Given data:
######

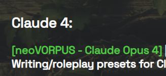 >>1228478 Вообще я посмотрел у него пресет для клода неплохой ничего лишнего не блоат удобно редачить. А когда я смотрел аорту я чота охуел от количества инструкций плацебных
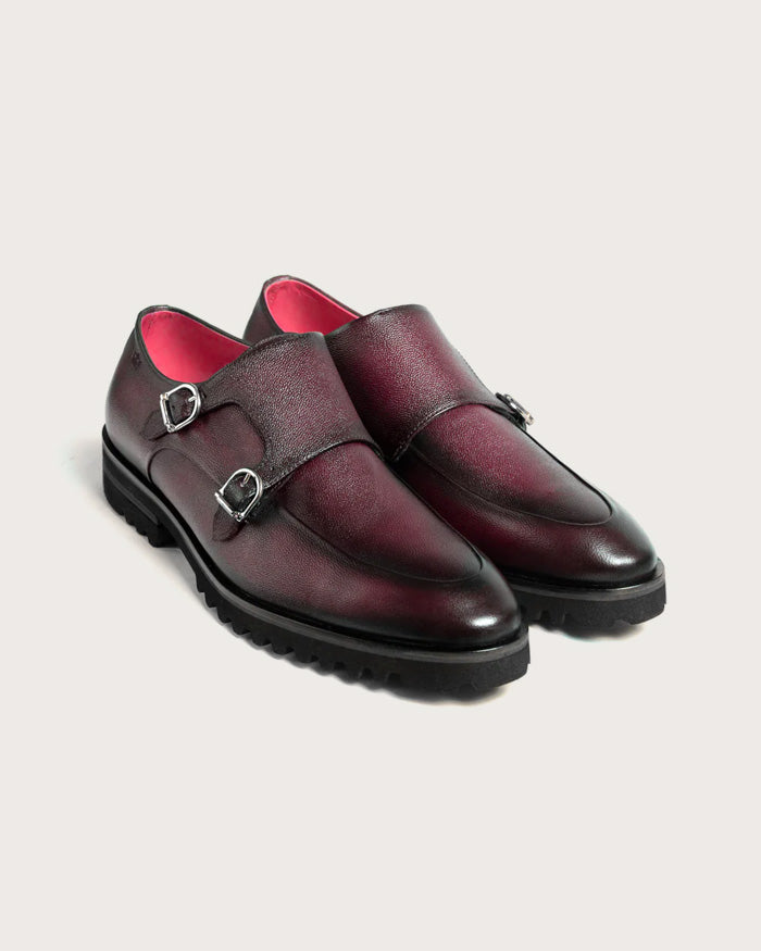 Los zapatos doble hebilla Claudio combinan la elegancia atemporal con la sofisticación moderna. Pintados a mano con la técnica de Patina italiana única en un cautivador tono vinotinto.
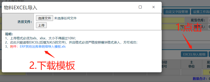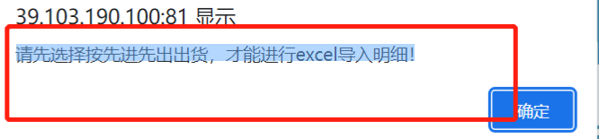 ![]() ![]() 點(diǎn)擊進(jìn)入 如下圖: ![]() 下載模板 操作如下圖: ![]() 按照模板初始填寫的內(nèi)容,參考填寫即可。 若彈出提示:請(qǐng)先選擇按先進(jìn)先出出貨,才能進(jìn)行excel導(dǎo)入明細(xì)! 如下圖: ![]() 需要先開啟先進(jìn)先出原則,教程鏈接:http://20705.oa22.cn
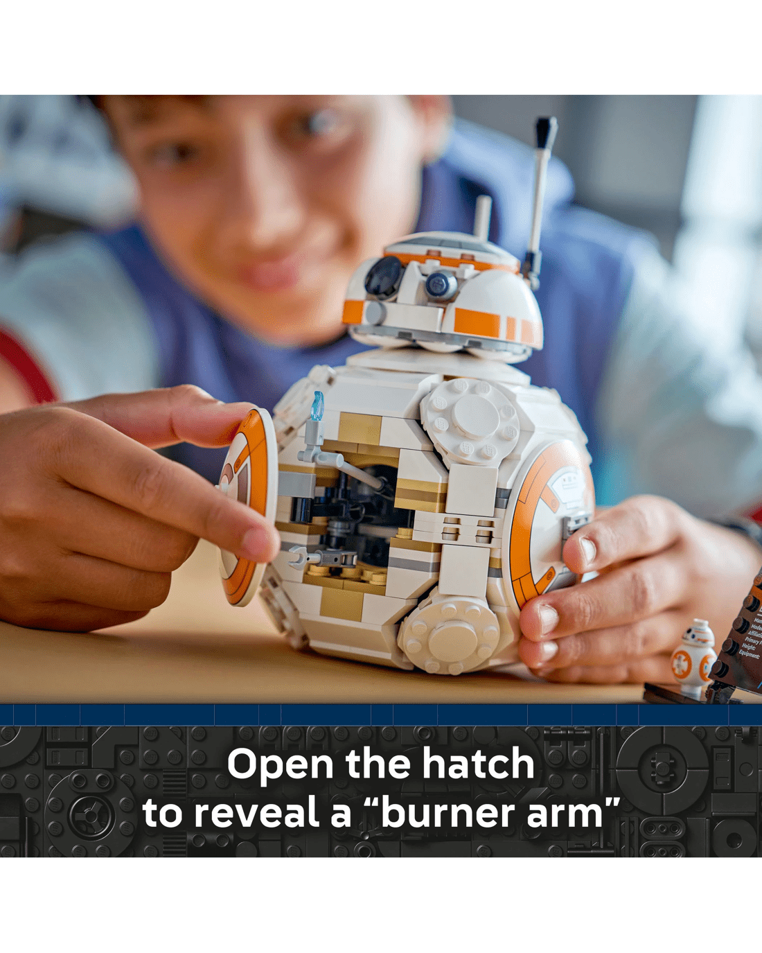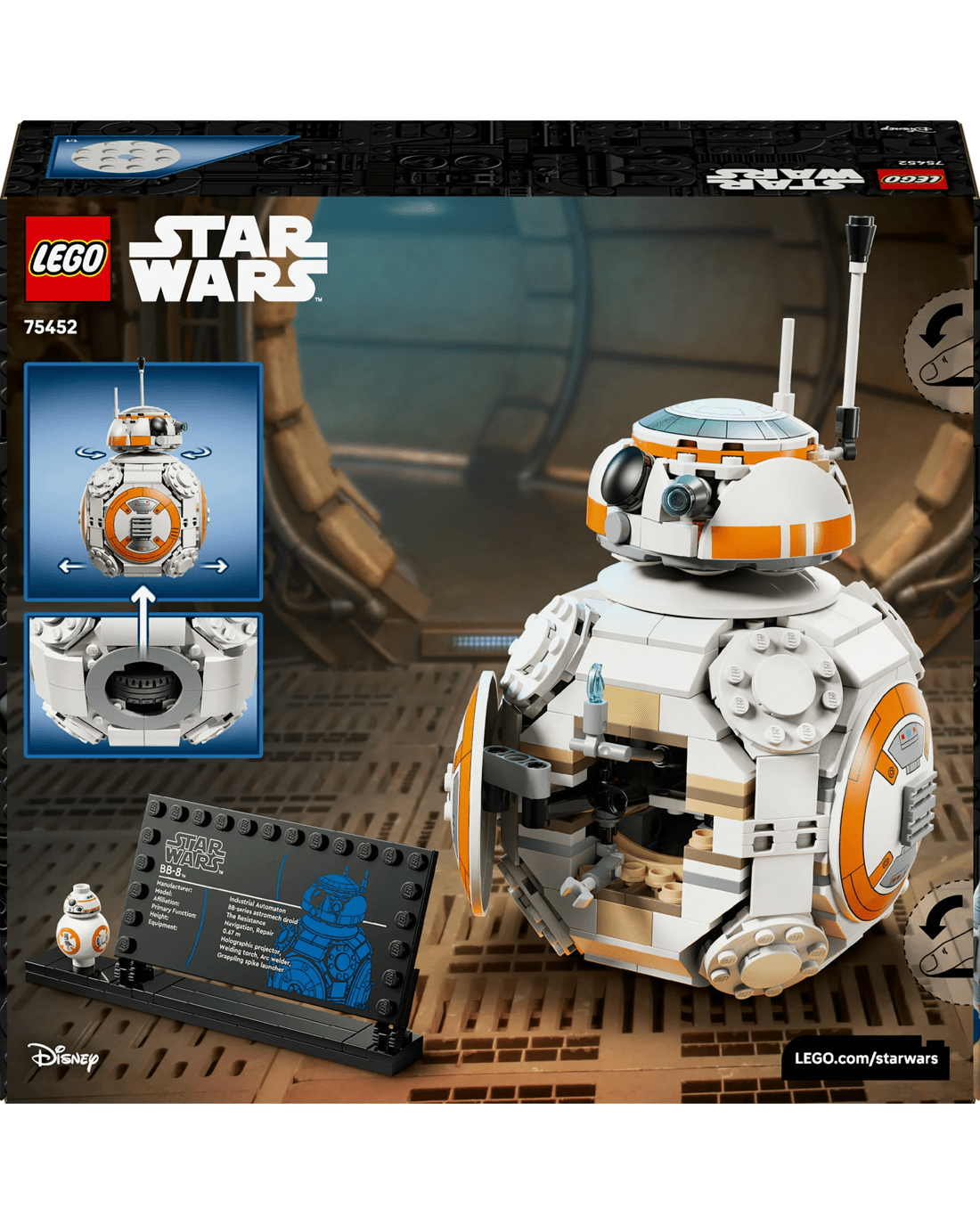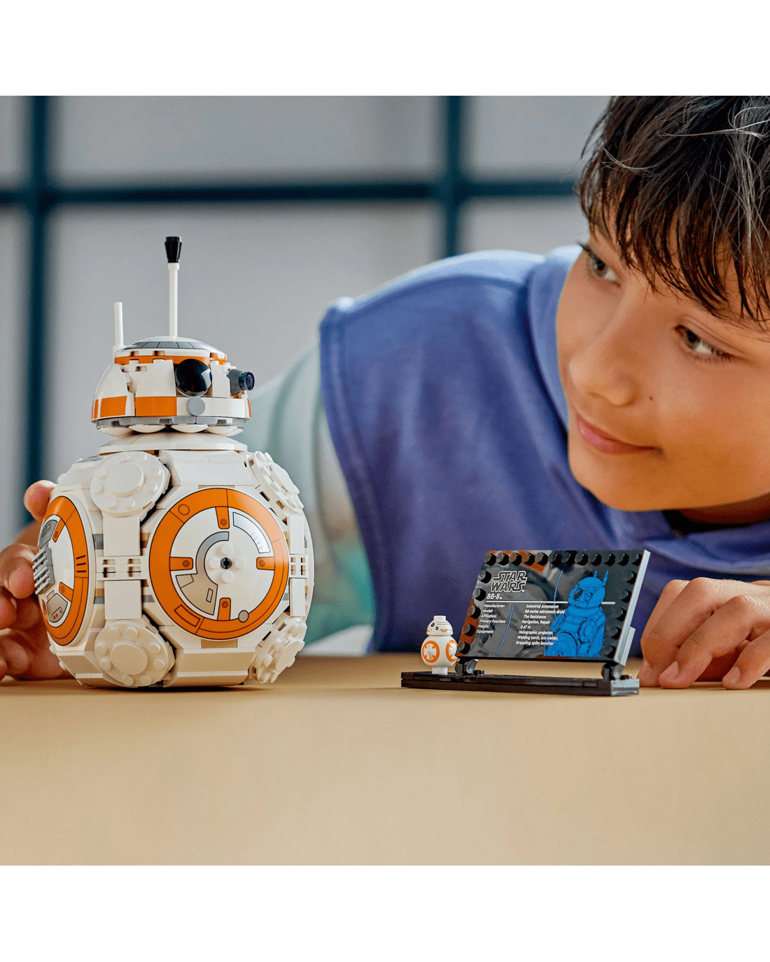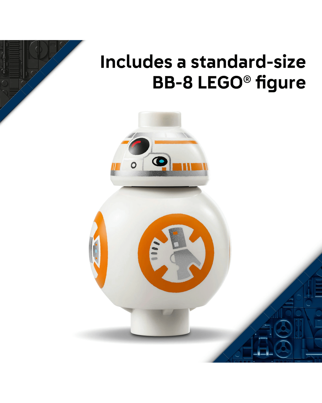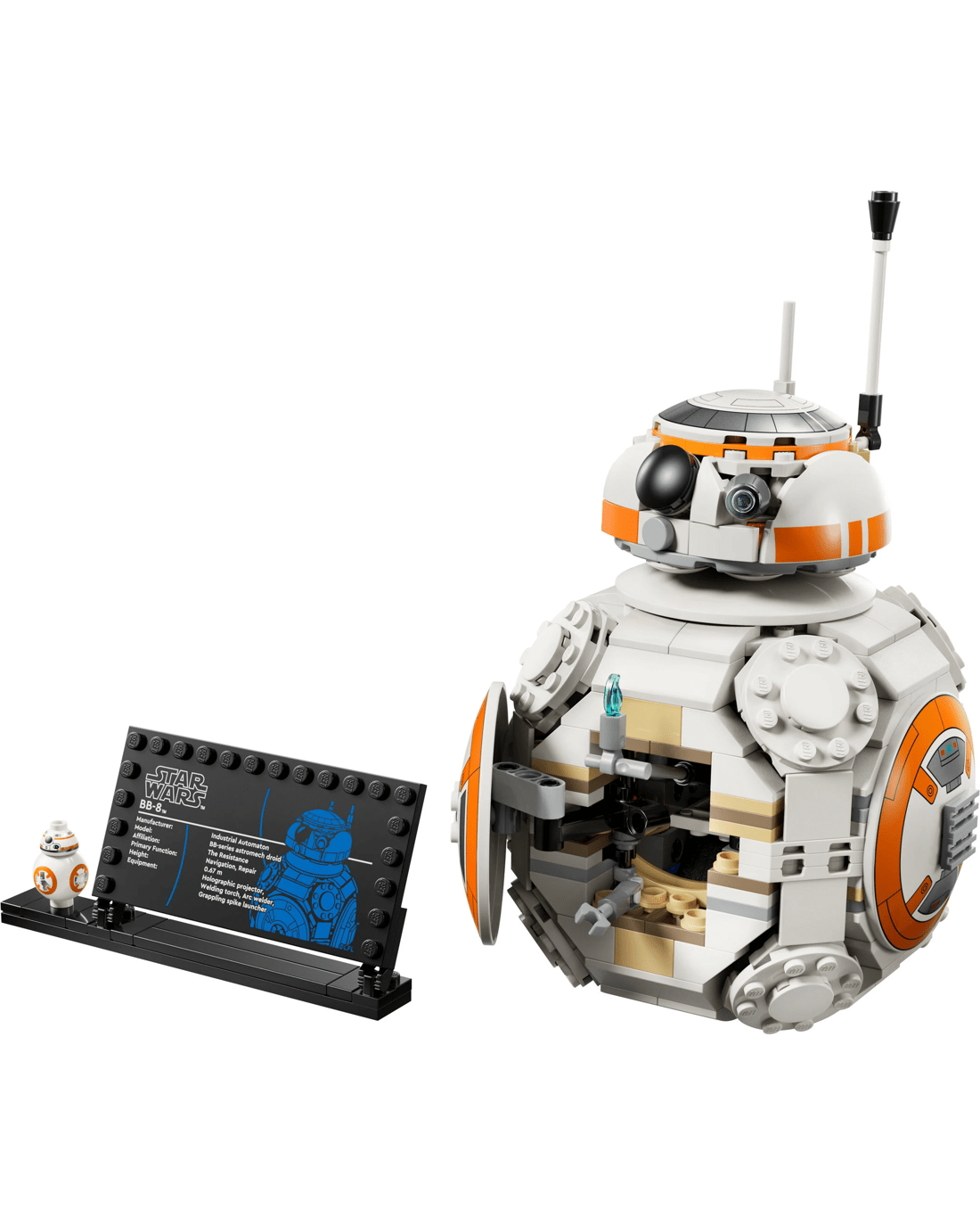 - BB-8 LEGO Figure- Display the main buildable toy model with the BB-8 info plaque and standard-sized BB-8 LEGO figure

######

Work task:
Quote everything in the listing above exactly; pictures are the only thing to omit.

Answer to this exercise:
 >>1228478 Вообще я посмотрел у него пресет для клода неплохой ничего лишнего не блоат удобно редачить. А когда я смотрел аорту я чота охуел от количества инструкций плацебных
 Los zapatos doble hebilla Claudio combinan la elegancia atemporal con la sofisticación moderna. Pintados a mano con la técnica de Patina italiana única en un cautivador tono vinotinto.
 ![]() ![]() 點(diǎn)擊進(jìn)入 如下圖: ![]() 下載模板 操作如下圖: ![]() 按照模板初始填寫的內(nèi)容,參考填寫即可。 若彈出提示:請(qǐng)先選擇按先進(jìn)先出出貨,才能進(jìn)行excel導(dǎo)入明細(xì)! 如下圖: ![]() 需要先開啟先進(jìn)先出原則,教程鏈接:http://20705.oa22.cn
 - BB-8 LEGO Figure- Display the main buildable toy model with the BB-8 info plaque and standard-sized BB-8 LEGO figure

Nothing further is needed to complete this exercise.